Segment Start: Provided material
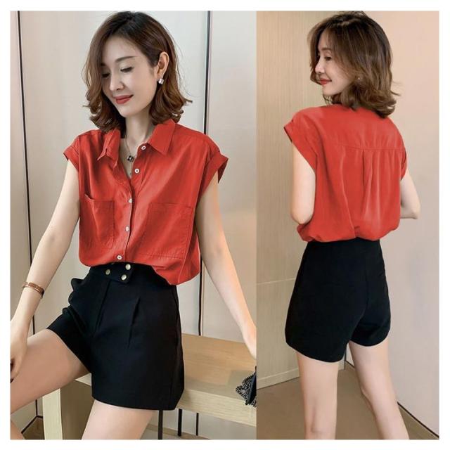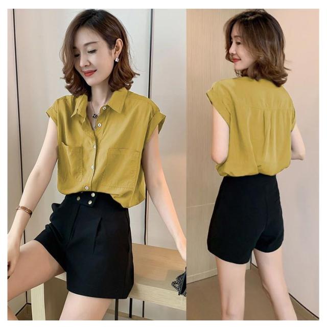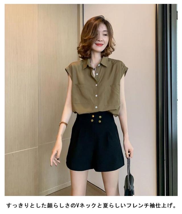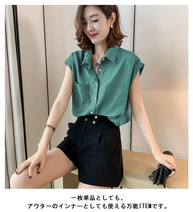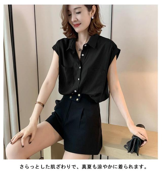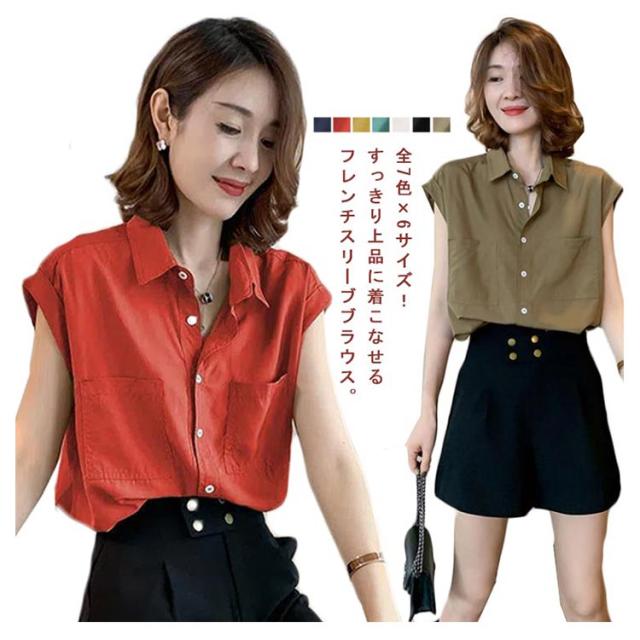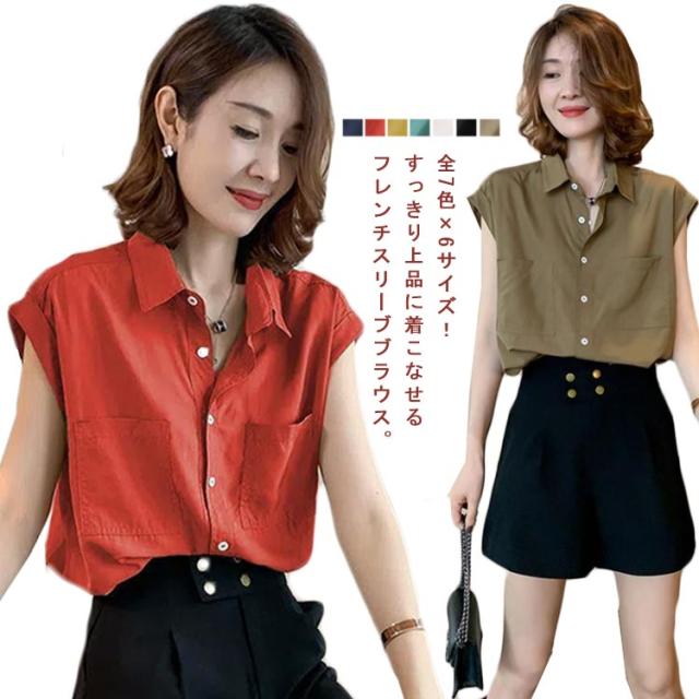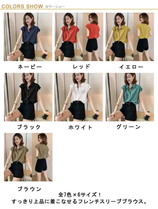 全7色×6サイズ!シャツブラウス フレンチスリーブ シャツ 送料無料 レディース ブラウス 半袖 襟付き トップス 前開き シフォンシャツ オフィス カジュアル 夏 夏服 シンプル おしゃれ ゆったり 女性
Segment End: Provided material
Segment Start: Provided material
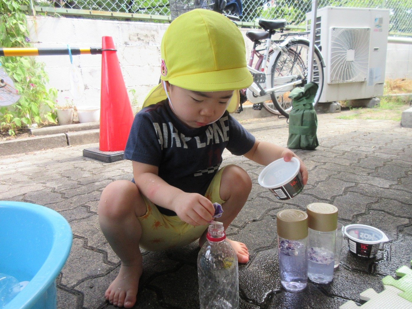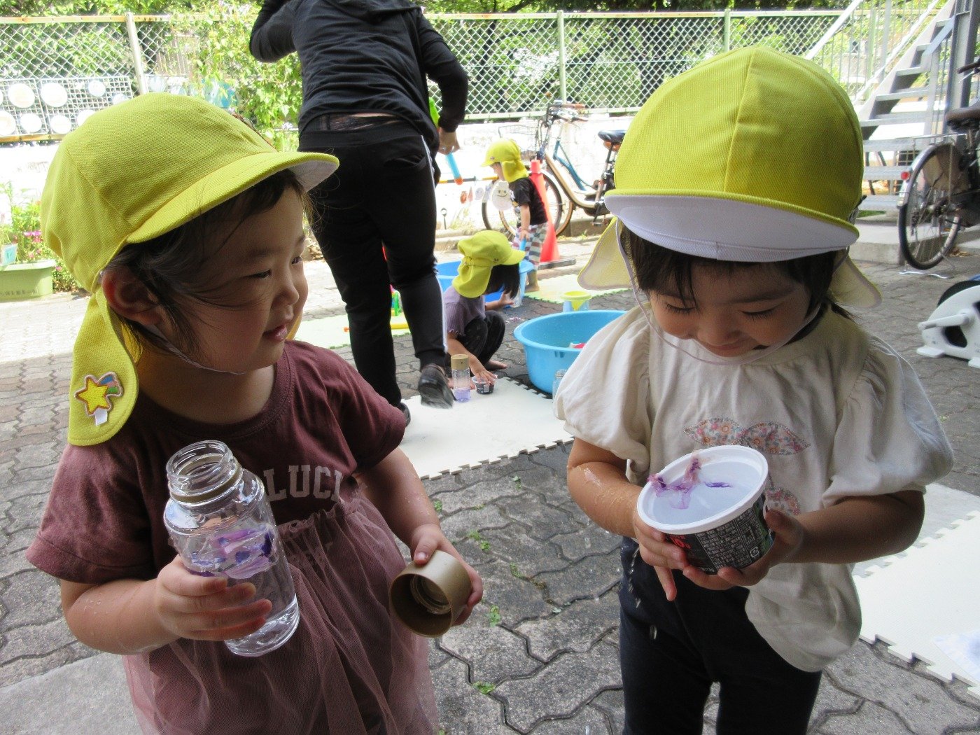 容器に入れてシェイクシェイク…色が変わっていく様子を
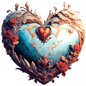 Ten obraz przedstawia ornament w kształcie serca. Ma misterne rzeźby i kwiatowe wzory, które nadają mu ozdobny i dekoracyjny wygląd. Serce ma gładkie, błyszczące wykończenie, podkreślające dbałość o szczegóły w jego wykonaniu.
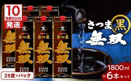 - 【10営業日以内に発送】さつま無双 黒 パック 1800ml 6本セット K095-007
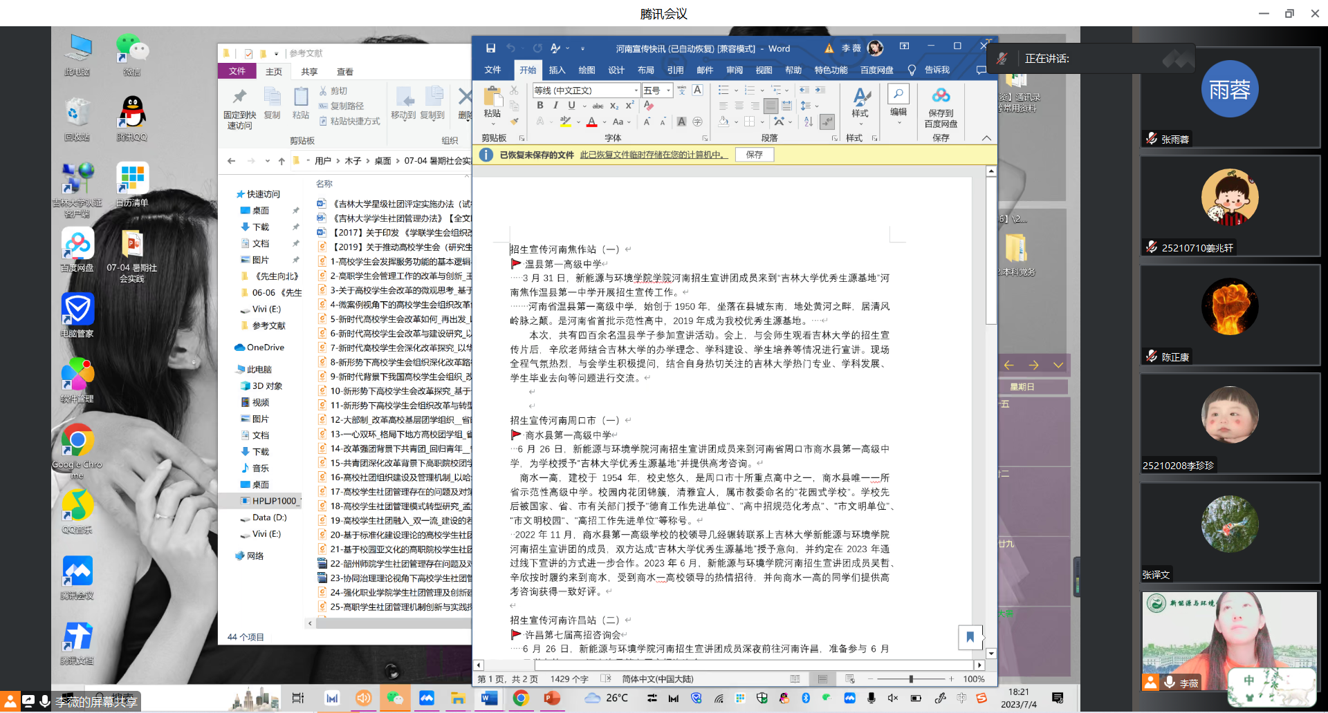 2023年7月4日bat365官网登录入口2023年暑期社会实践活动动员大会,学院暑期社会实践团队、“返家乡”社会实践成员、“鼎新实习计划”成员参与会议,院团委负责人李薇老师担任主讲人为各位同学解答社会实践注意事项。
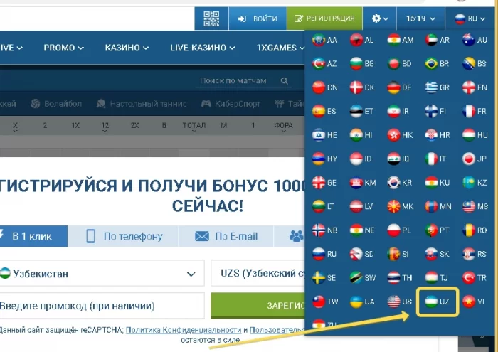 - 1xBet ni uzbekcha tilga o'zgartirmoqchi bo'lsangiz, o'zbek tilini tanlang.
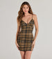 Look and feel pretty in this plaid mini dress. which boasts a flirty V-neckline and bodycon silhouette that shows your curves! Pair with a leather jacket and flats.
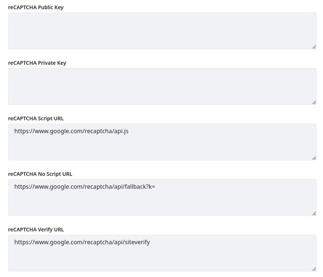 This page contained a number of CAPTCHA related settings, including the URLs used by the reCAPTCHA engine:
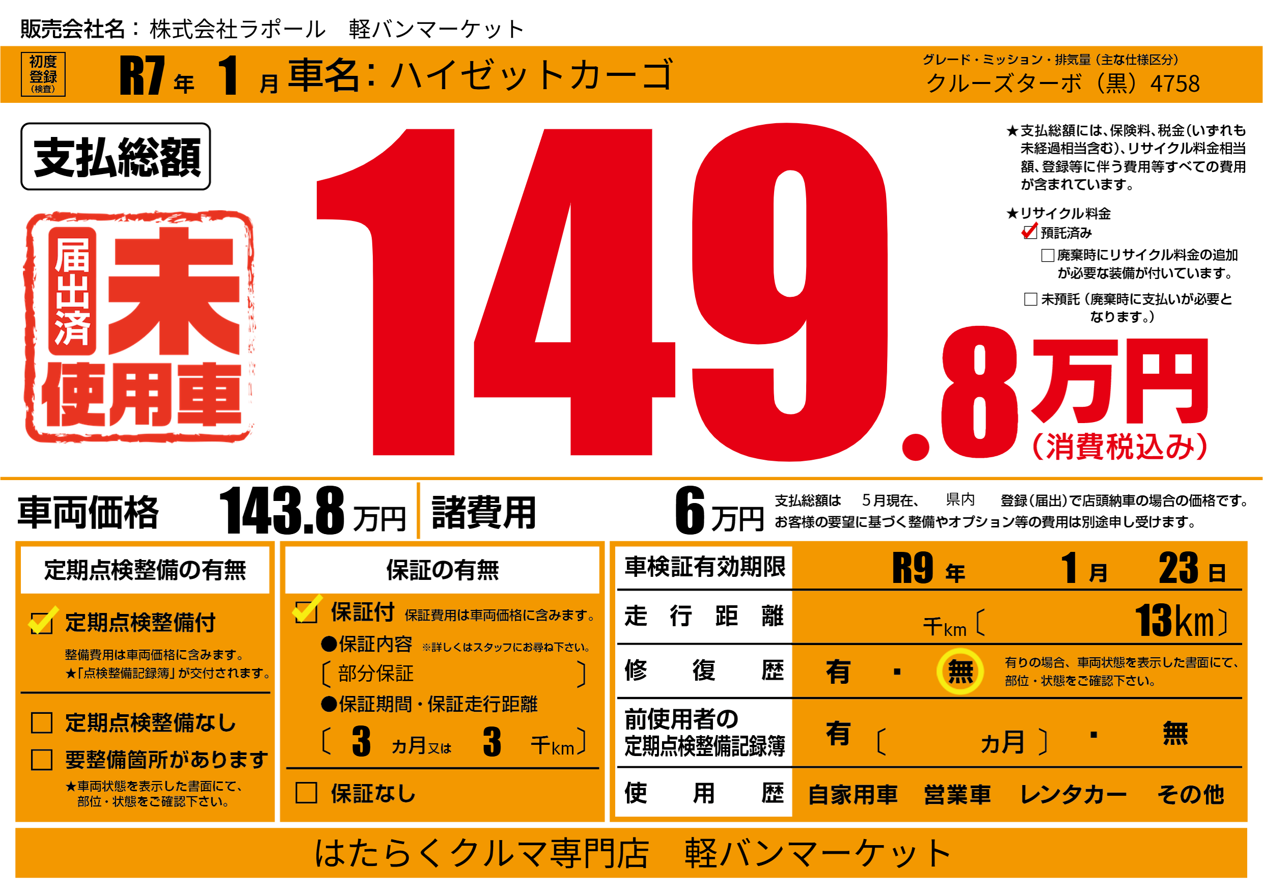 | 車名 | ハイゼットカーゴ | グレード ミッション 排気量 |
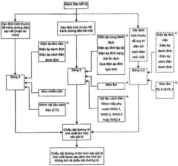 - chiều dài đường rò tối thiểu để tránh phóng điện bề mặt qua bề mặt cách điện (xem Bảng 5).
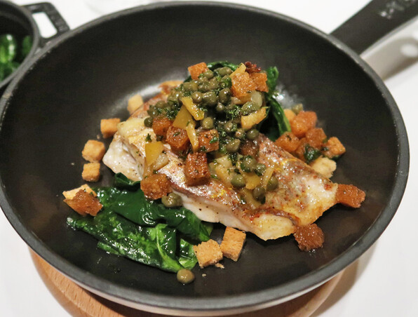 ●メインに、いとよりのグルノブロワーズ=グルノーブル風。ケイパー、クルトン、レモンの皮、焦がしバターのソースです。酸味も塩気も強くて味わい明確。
Segment End: Provided material
Segment Start: Provided material
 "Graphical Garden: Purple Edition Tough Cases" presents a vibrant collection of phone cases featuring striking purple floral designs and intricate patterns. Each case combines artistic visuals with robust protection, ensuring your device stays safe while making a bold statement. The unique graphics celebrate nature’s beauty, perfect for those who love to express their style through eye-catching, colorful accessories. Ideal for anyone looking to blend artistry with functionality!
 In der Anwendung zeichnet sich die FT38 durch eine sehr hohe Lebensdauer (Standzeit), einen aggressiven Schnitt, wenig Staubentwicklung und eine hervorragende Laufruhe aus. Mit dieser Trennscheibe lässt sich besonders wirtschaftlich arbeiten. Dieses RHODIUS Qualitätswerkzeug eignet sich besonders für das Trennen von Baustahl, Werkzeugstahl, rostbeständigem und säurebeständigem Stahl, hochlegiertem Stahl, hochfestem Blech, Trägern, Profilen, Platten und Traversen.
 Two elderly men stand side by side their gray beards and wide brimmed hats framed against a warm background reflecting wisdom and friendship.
Segment End: Provided material
*Task directions*:
Each line in the listing above that includes "their" is to be copied.

*Response to this exercise*:
 "Graphical Garden: Purple Edition Tough Cases" presents a vibrant collection of phone cases featuring striking purple floral designs and intricate patterns. Each case combines artistic visuals with robust protection, ensuring your device stays safe while making a bold statement. The unique graphics celebrate nature’s beauty, perfect for those who love to express their style through eye-catching, colorful accessories. Ideal for anyone looking to blend artistry with functionality!
 Two elderly men stand side by side their gray beards and wide brimmed hats framed against a warm background reflecting wisdom and friendship.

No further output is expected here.